Мать быстро шагнула назад. Дыхание сбилось, застряв в горле комком.
— Нет, матушка… ничего страшного. Она пошла за лекарем для своей бабки — к костоправу. Возможно, не успела вернуться домой до темноты и осталась. Боялась идти в темноте.
— Тогда ей не мешало бы оповестить нас.
Но как? Я хотел было задать ей этот вопрос, однако ночь уже слишком плотно окутала нас темнотой, чтобы затевать бесполезный спор.
— Не мешало бы, — согласился я. — Странно, что не прислала весточку. Это на нее не похоже.
— Я теперь не усну, — страдальчески вздохнула мать. — Нам следует держать двух служанок. Всегда было две.
Я ничего не ответил. Мне нечего было сказать. Я — ученый, а денежное вознаграждение за ученость было почти ничтожным.

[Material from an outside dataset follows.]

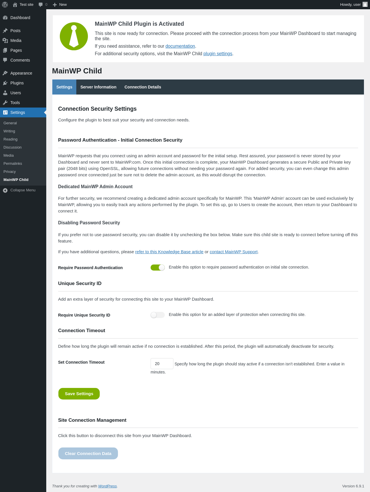 | URL | /wp-admin/options-general.php?page=mainwp_child_tab |

— Надо кого-нибудь постарше. — Мать плотнее укуталась в теплую мантию. — При такой юной особе на троне девицы, похоже, возомнили, будто теперь они могут поступать, как им вздумается.
Я невольно улыбнулся. Под юной особой моя мать понимала ветреную, безответственную личность. Королеву, что открыто улыбалась и радостно махала рукой уличной толпе в день коронации. Жест признательности, обращенный к черни, — и куда только катится наше общество?
Но мое сердце, могу вас заверить, в тот день трепетало от восторга: столь великий взрыв народной радости на улицах и площадях я не наблюдал еще никогда, даже на Рождество. Воскресенье, пятнадцатое января в год тысяча пятьсот пятьдесят девятый, день коронации. Чуть больше года назад. Благоприятную дату для коронации я высчитал по небесным светилам и составленным мною графикам и, в конце концов, мог вздохнуть с облегчением, поскольку, если бы день прошел неудачно…
— А кроме того, — не унималась Джейн Ди, — сегодня был рыночный день. Теперь мы остались без свежей пищи. Надо же было такому случиться именно сегодня.
— Мы это переживем.
— Переживем? — В порыве гнева матушка обронила на землю край своей тяжелой мантии. — О, да, — если бы плоть могла питаться высокими мыслями да святым духом. Несчастный твой отец, пусть земля будет ему пухом; если он слышит сейчас твои речи…
Раздраженная, она гордо пересекла дорогу и вошла в раскрытые ворота нашего дома. По правде сказать, мой несчастный отец понял бы все как надо — он сам, бывало, рассказывал нам о грудах объедков с пиршественного стола покойного короля Генриха VIII.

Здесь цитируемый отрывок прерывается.